(Record excerpts Opens)

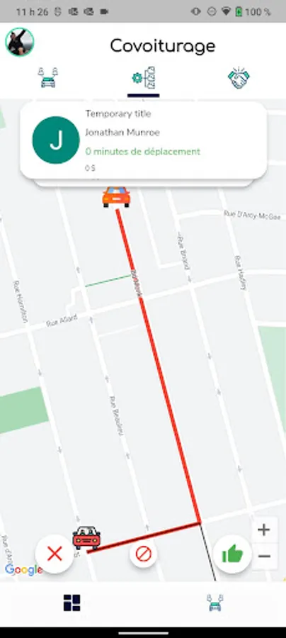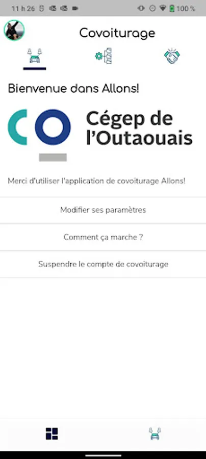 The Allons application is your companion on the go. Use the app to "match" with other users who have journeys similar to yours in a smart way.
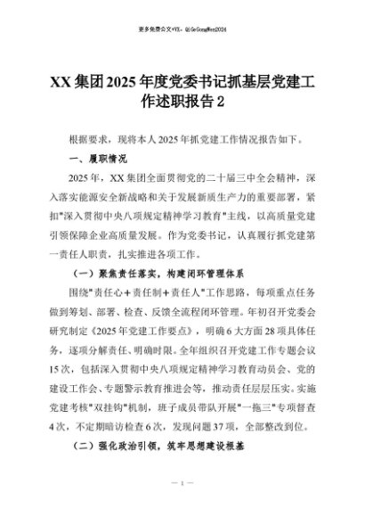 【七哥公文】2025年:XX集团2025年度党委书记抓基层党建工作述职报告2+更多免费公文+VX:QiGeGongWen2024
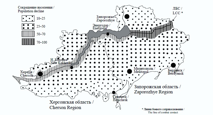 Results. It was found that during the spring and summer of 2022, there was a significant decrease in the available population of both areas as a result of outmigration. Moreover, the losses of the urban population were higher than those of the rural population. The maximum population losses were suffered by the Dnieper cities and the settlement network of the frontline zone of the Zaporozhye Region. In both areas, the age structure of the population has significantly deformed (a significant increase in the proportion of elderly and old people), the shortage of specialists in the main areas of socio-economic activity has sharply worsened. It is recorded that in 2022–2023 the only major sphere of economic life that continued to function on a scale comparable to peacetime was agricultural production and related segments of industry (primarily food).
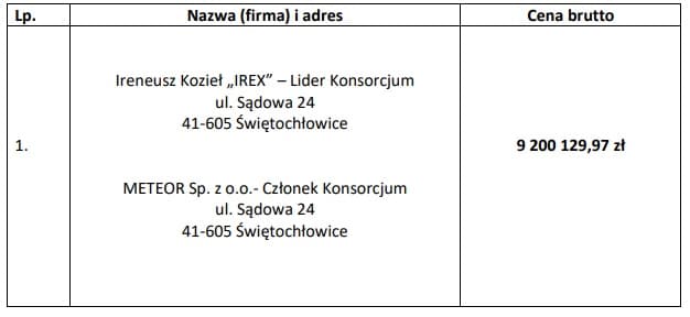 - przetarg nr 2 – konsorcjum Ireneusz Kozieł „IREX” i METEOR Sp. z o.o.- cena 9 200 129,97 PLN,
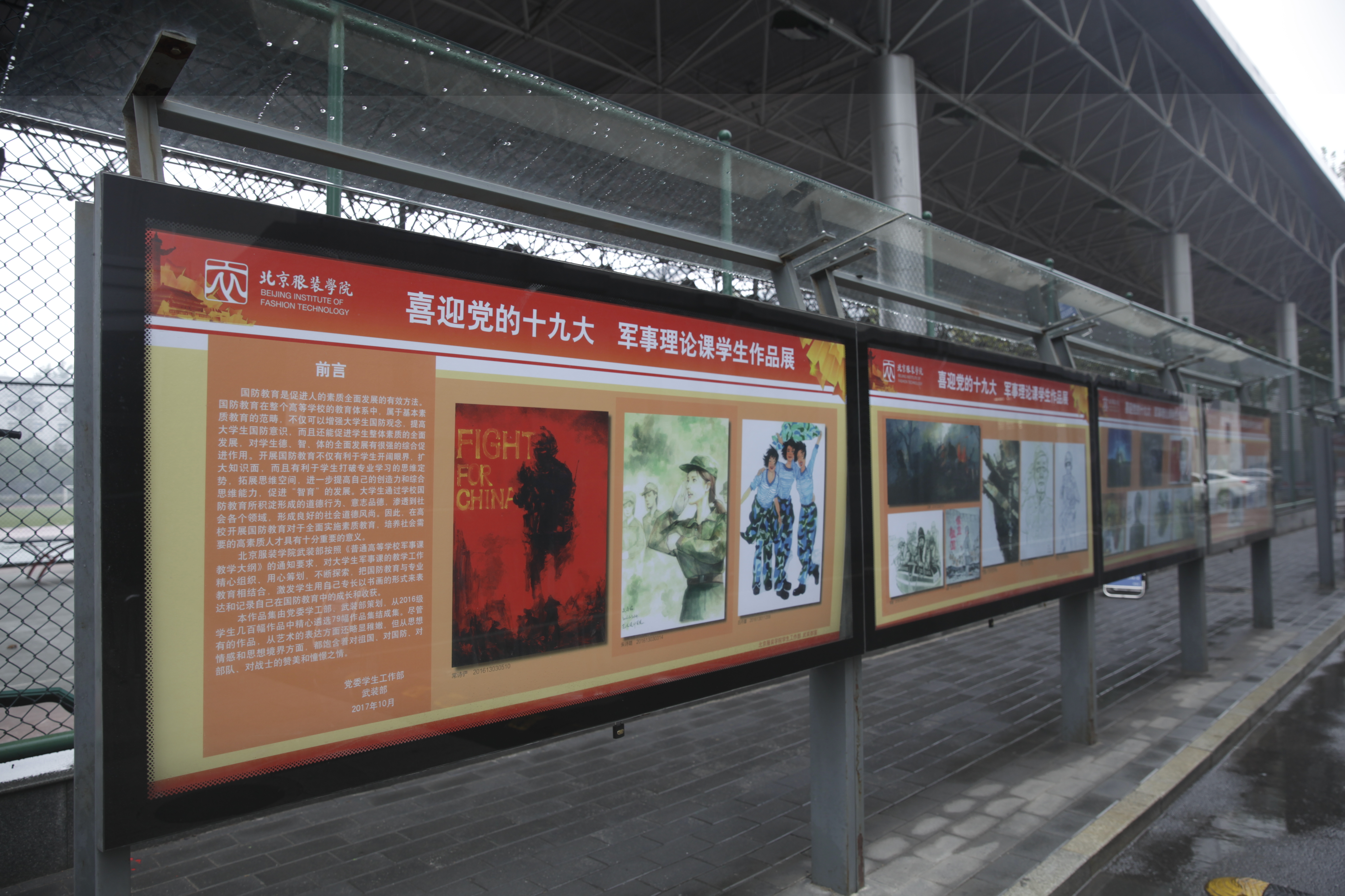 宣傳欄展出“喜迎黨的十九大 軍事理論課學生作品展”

(Record excerpts Closes)

Assignment: Only those lines from the one containing "- przetarg nr" to the end of the material above, retyped exactly and without pictures, belong in your reply.

Solved exercise:
 - przetarg nr 2 – konsorcjum Ireneusz Kozieł „IREX” i METEOR Sp. z o.o.- cena 9 200 129,97 PLN,
 宣傳欄展出“喜迎黨的十九大 軍事理論課學生作品展”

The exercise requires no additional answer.